= Daig =

Saint Daig (died 588?) was an Irish Christian bishop and confessor of Inis-Caoin-Deagha (now Inniskeen, County Monaghan), who lived towards the end of the 6th century. His name in Gaelic means "A great flame" and he was probably named after his mother Deighe.

==Biography==
Daig was born in Kiennacta Breagh, County Meath. His father was Carill, son of Laisrén, son of Dallán, son of Eógan mac Néill, son of Niall of the Nine Hostages, son of Eochaid Mugmedón.
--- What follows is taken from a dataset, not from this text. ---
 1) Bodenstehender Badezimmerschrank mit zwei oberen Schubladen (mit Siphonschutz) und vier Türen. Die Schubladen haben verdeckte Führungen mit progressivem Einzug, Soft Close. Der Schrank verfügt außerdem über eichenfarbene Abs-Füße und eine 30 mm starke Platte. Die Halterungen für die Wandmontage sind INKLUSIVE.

Daig's mother's name was Dediva (also called Editua or Dedi or Deidi or Deighe or Deidiu or Deaga or Mediva), daughter of Tren, son of Dubhthach moccu Lughair, who was Chief Ollam of Ireland and royal poet of King Lóegaire mac Néill. Dediva's other children were Saint Senan of Laraghabrine, son of Fintan, Saint Diarmaid the Just, son of Lugna, Saint Caillin, son of Niata, Saint Felim of Kilmore, who was another son of Carill and Daig's older brother, Saint Femia, who was another daughter of Carill, St. Mainchín of Corann, son of Collan of Corann and Senchán Torpéist, another Chief Ollam of Ireland.
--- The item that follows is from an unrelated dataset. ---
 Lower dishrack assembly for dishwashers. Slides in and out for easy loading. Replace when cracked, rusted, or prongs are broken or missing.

When a boy he went to the monastery of Devenish Island, County Fermanagh to study under Saint Laisrén mac Nad Froích. After finishing his studies there he went to study under Saint Comgall of Bangor monastery. When he graduated he worked as an artisan for Saint Ciarán of Saigir for whom he made 300 bells, 300 croziers and 300 Gospels which were distributed as gifts to other monasteries in Ireland.
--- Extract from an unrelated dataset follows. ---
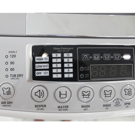 Bảng điều khiển trên máy giặt giá rẻ được thiết kế đơn giản và tiện dụng, được đặt ở vị trí dễ nhìn với màn hình rõ nét. LG có các loại máy giặt có bảng điều khiển tiếng Anh và tiếng Việt để bạn có thể chọn và sử dụng phù hợp với gia đình.
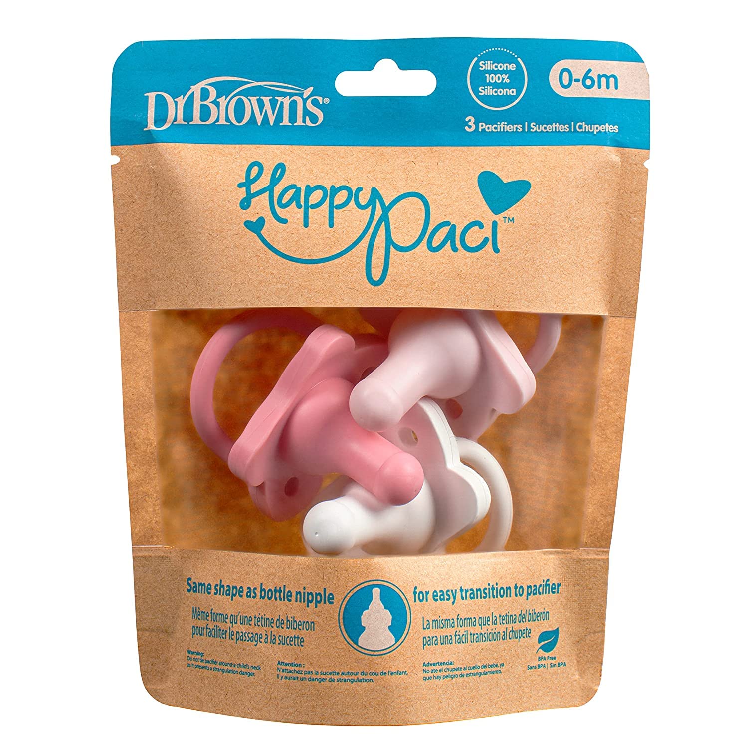 Contains (6) Dr. Brown's HappyPaci 100% Silicone, Newborn Baby Pacifiers 0-6 Months, BPA Free (1) White (1) Light Pink (1) Pink (1) Cool Gray (1) Green (1) Ecru

He then founded his monastery at Inniskeen, County Monaghan. Saint Columba blessed it for him. Locals tried to kill him but failed and were expelled to the Beara Peninsula, County Cork. Saint Berach was one of his disciples. Daig performed many miracles which are enumerated in his Life. The Félire Óengusso ("Martyrology of Óengus"), states "A man of grace for our wheat was Daig, the good and great son of Cairell". He was present at the death of Carláen the bishop of Armagh who died on 24 March 588. Daige died shortly afterwards on 18 August in the same year and his feastday is celebrated on that date.

Saint Daig is mentioned in the Codex Salmanticensis (Brussels, Royal Library 7672–4) which is a medieval Irish manuscript containing an extensive collection of Irish saints' Lives.